In Praise of Folly: A High School Tale in Indeterminate Parts

by MembraneLabs



Category: Good Omens (TV)
Genre: Alternate Universe - Boarding School, Alternate Universe - High School, Dorks in Love, Slow Burn, Takes place in America specifically the Northeast SORRY!, tags updated as fic progresses
Language: English
Status: In-Progress
Published: 2019-06-27
Updated: 2019-06-27
Packaged: 2020-05-20 19:51:49
Rating: General Audiences
Warnings: Creator Chose Not To Use Archive Warnings
Chapters: 1
Words: 1,341
Publisher: archiveofourown.org
Story URL: https://archiveofourown.org/works/19383589
Author URL: https://archiveofourown.org/users/MembraneLabs/pseuds/MembraneLabs
Summary: Eden Preparatory High School was the sort of place a student could learn a lot about themselves.Mainly, exactly the sort of person they hoped to never become.





	In Praise of Folly: A High School Tale in Indeterminate Parts

  
_“The highest form of bliss is living with a certain degree of folly.”_

_“The chief element of happiness is this: to want to be what you are.”_  
_― Erasmus_

 

  
**AN INTRODUCTION OF SORTS**

Eden Preparatory High School’s motto was “Character Before Career”, which was exactly the sort of motto a high school with a tuition in the thousands per year would have.

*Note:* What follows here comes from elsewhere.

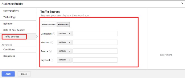 a. Create the audience. Go to your GA account>Admin> Property>Audience definitions>New audience>Traffic sources. You can choose to create audiences by the utm medium, source, campaign – separately or all together, depending on your scale in the Outbrain network.

It was a small school of indeterminate Christianity, accepting students in grades 8th through 12th. It was a boarding school with some day students, and it had a campus. There was a dining hall, and a chapel. and while it did have “scholarship kids”, the school catered to a very particular sort of family with the right amount of money and the right connections. It was the sort of place a student could learn a lot about themselves.

Mainly, exactly the sort of person they hoped to never become.

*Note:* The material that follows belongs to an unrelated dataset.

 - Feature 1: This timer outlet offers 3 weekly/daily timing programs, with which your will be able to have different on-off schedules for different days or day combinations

But first, we must go back to the beginning…

  
**FRESHMAN YEAR, SIX DAYS AFTER ORIENTATION**

Anthony Fell, freshman, was walking toward the Dining Hall when a tall boy dressed all in black and wearing sunglasses exited the Auditorium. The late-August sun caught the red of his cockscomb-styled hair - he was impossible to miss against the white columns of the auditorium building.

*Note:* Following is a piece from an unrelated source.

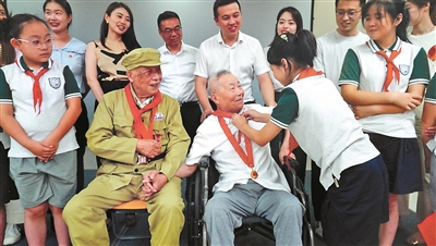 在征得老人们及家属的同意后,8月15日,“兵之初”公益服务中心策划了一场时隔18年的相见会,韩全富、俞志超两位老人双手紧握,曾经一起在枪林弹雨中并肩作战的记忆,如同电影般一遍遍在脑海回放,他们倾诉着多年来的思念,回忆着那些一起历经生死的战友们,在场的志愿者及学生无不泪目。
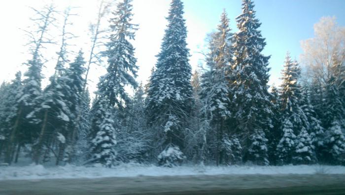 Про дорогу ничего плохого сказать не могу. Сухо, морозно, машин немного. В пробке стояли только перед Питером пол часа.

Anthony recognized him from yesterday’s school play auditions - Anthony had been so nervous, he’d never done anything like that before. His cousin Gabriel told him not to bother, that he’d be too busy with after-school sports and that they never gave anything to the freshmen, but Anthony went anyway. The boy had been lounging in the back row of the dark theater. He’d been wearing the same sunglasses then and had been slouching like he was asleep. The director had an inscrutable face and had made him read lines for Puck, and then thanked him and sent him on his way.

The boy on the steps waved in his direction. Anthony looked over his shoulder to see who he was waving at.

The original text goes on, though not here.